An oscillator of mass M is at rest in its equilibrium position in a potential, $$V = \frac{1}{2}k(x - X)^2$$. A particle of mass m comes from the right with speed u and collides completely inelastic with M and sticks to it. This process repeats every time the oscillator crosses its equilibrium position. The amplitude of oscillations after 13 collisions is: (M = 10, m = 5, u = 1, k = 1)

We choose the +x-direction to be towards the right. The spring is at its natural length when $$x=X$$, so the potential energy there is zero. Every collision takes place exactly at this point. A small particle always comes from the right, therefore its velocity just before every collision is $$\;-\;u$$ (towards the left).

Initially the oscillator of mass $$M=10\ \text{kg}$$ is at rest, so its velocity is $$0$$ and its mechanical energy is also zero.
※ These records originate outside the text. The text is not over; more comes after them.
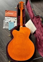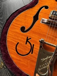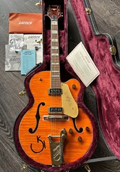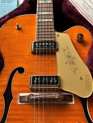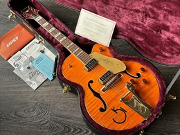 This is an unplayed new guitar from the year 2023. Beautiful flamed maple on this one. Co-designed with the guitarist's guitarist, Chet Atkins, the venerable 6120 is one of the most widely heard Gretsch instruments. The G6120T-55 Vintage Select Edition '55 Chet Atkins® Hollow Body with Bigsby® stays true to the original design and astounding classic aesthetics. A veritable tonal multi-tool, this hollow body has an easy-playing, comfortable feel and rings out proudly with That Great Gretsch Sound!™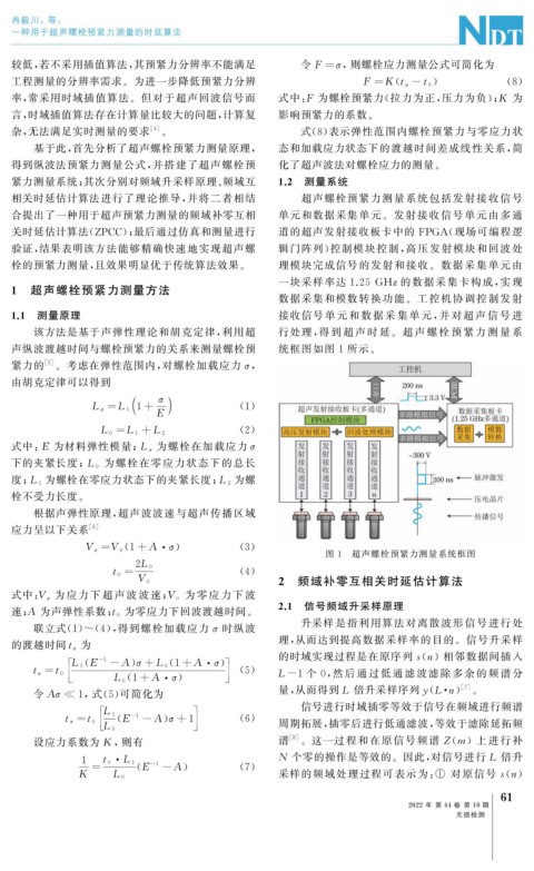 该方法是基于声弹性理论和胡克定律, 利用超 行处理, 得 到 超 声 时 延。超 声 螺 栓 预 紧 力 测 量 系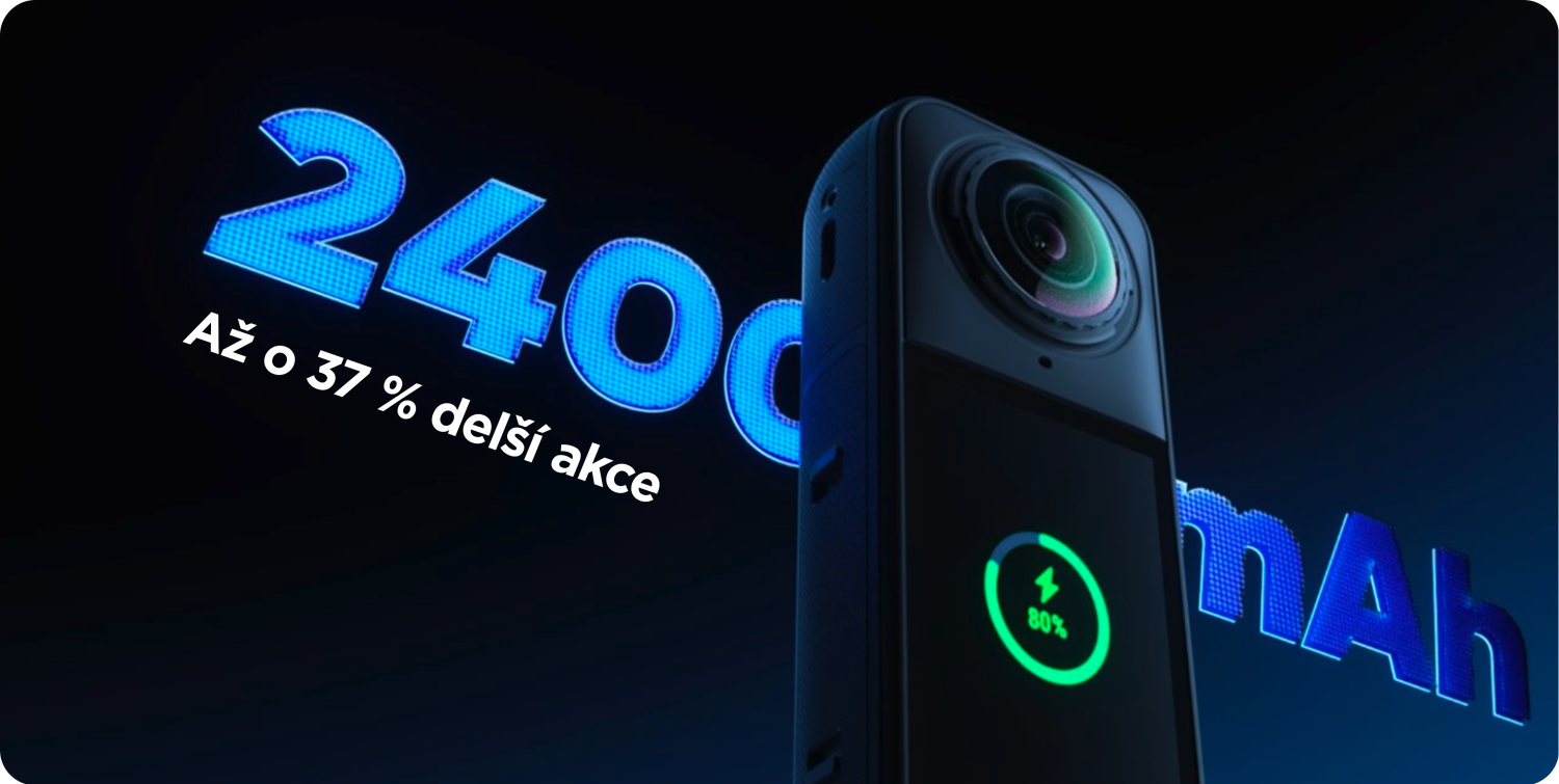 Der neue Akku mit einer noch größeren Kapazität von 2400mAhermöglichteine ununterbrochene Aufnahmezeit von bis zu 180 Minuten.Das reicht Ihnen nicht? Während einer 20-minütigen Pausekönnen Siedie X5wiederauf 80 % aufladen und dann weitermachen!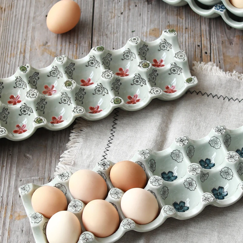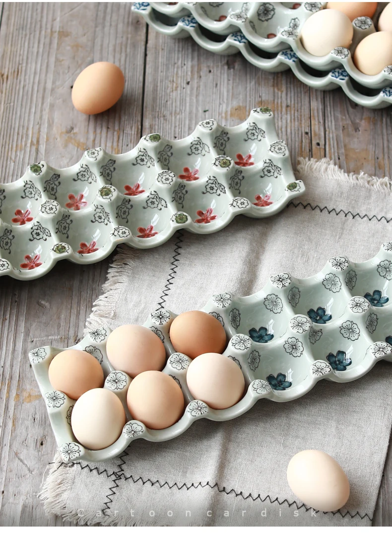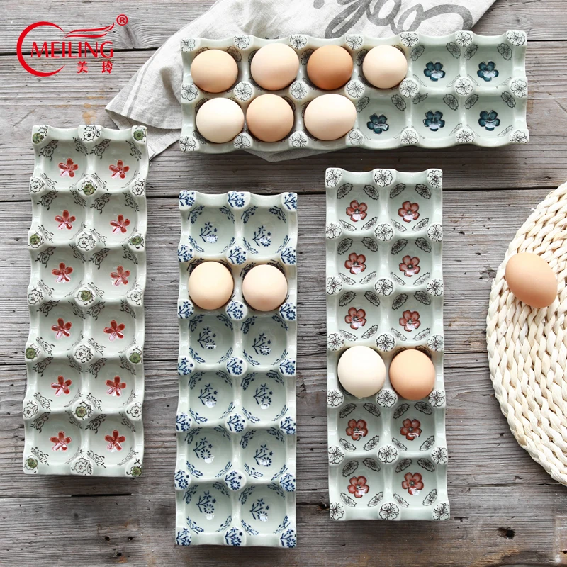 В японском стиле подглазурная керамики лоток для яиц из 12 Сетка пр...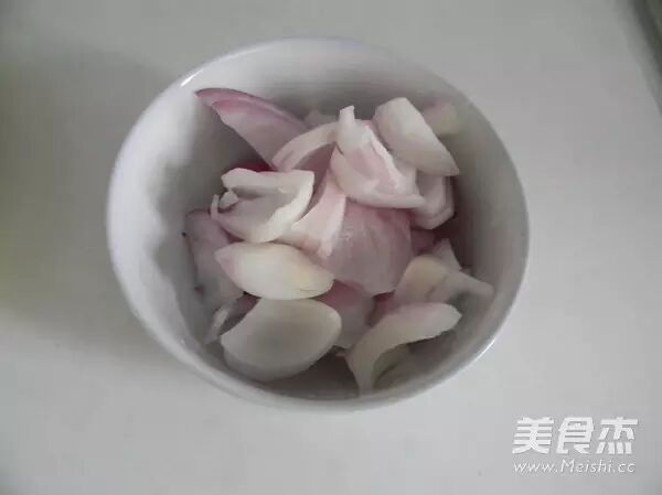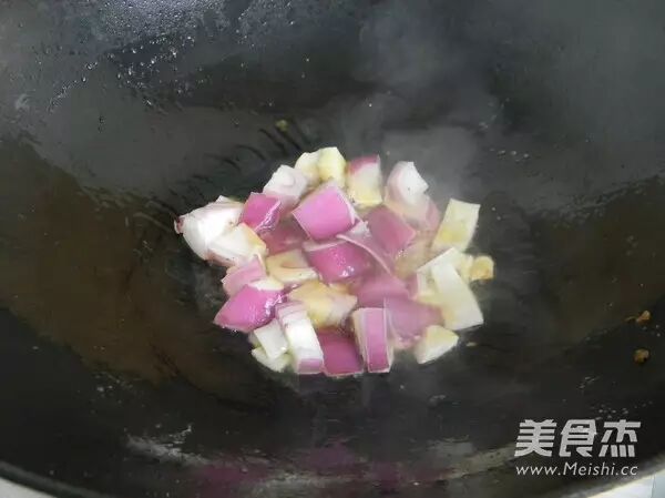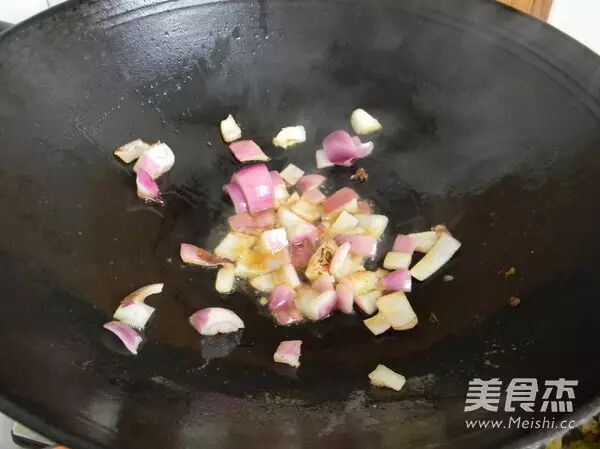 4.炒锅热油炸香花椒粉后,放入洋葱

First collision  ($$n=0\to1$$)

Conservation of linear momentum gives

$$ m(-u)+M(0)=(M+m)\,v_1 . $$

Hence

$$ v_1=-\dfrac{m\,u}{M+m}=-\dfrac{5\cdot1}{10+5}=-\dfrac13\;\text{m\,s}^{-1}. $$

The kinetic energy of the combined body immediately after the impact is completely stored in the spring when it reaches its extreme position, so

$$ \dfrac12(M+m)\,v_1^{2}=\dfrac12\,k\,A_1^{2}. $$

Stating the relation between the speed at equilibrium and the amplitude, we have

$$ A_1=|v_1|\sqrt{\dfrac{M+m}{k}} =\dfrac{m\,u}{M+m}\,\sqrt{\dfrac{M+m}{k}} =\dfrac{m\,u}{\sqrt{k(M+m)}} . $$

With the numerical data $$k=1$$, $$m=5$$, $$M=10$$ this gives

$$ A_1=\dfrac{5}{\sqrt{15}}\;{\rm m}\approx1.29\;{\rm m}. $$

The system now moves leftward to the negative extreme, comes back, and returns to the equilibrium point with the same speed but in the opposite (+x) direction:

$$ v_1^{\text{(return)}}=+|v_1|=+\dfrac13\;\text{m\,s}^{-1}. $$

Second collision  ($$n=1\to2$$)

The second particle (again with velocity $$-u$$) meets the oscillator when its velocity is $$+v_1$$. Applying conservation of momentum,

$$ m(-u)+(M+m)v_1=(M+2m)\,v_2 . $$

Because $$m\,u=(M+m)|v_1|$$ (seen from the first collision), the two momenta are equal and opposite, so the right-hand side is zero:

$$ v_2=0 . $$

With zero velocity, the spring stores no energy; therefore

$$ A_2=0 . $$

Beginning of the pattern

After every even collision the oscillator is at rest and its amplitude is zero. Consequently, before every following (odd) collision it is again at rest at the equilibrium position. Thus each odd collision is identical in character to the very first one, except that the total mass has increased.

General odd collision

Let the total mass just before the $$(2k+1)$$-th collision be

$$ M_{2k}=M+2k\,m . $$

The oscillator is at rest, the incoming particle still has momentum $$-m\,u$$, so momentum conservation gives

$$ m(-u)+M_{2k}(0)=(M_{2k}+m)\,v_{2k+1}\;\;\Longrightarrow\;\; v_{2k+1}=-\dfrac{m\,u}{M_{2k}+m}. $$

The corresponding amplitude is therefore

$$ A_{2k+1}=|v_{2k+1}|\sqrt{\dfrac{M_{2k}+m}{k}} =\dfrac{m\,u}{\sqrt{k\,[M_{2k}+m]}} . $$

Amplitude after 13 collisions

The $$13$$-th collision is odd ($$2k+1=13\;\Rightarrow\;k=6$$). Thus

$$ M_{12}=M+12\,m=10+12\cdot5=70\ \text{kg}, $$

and

$$ A_{13}=\dfrac{m\,u}{\sqrt{k\,[M_{12}+m]}} =\dfrac{5\cdot1}{\sqrt{1\,(70+5)}} =\dfrac{5}{\sqrt{75}} =\dfrac{5}{5\sqrt3} =\dfrac1{\sqrt3}\;{\rm m}. $$

Hence, the correct answer is Option B.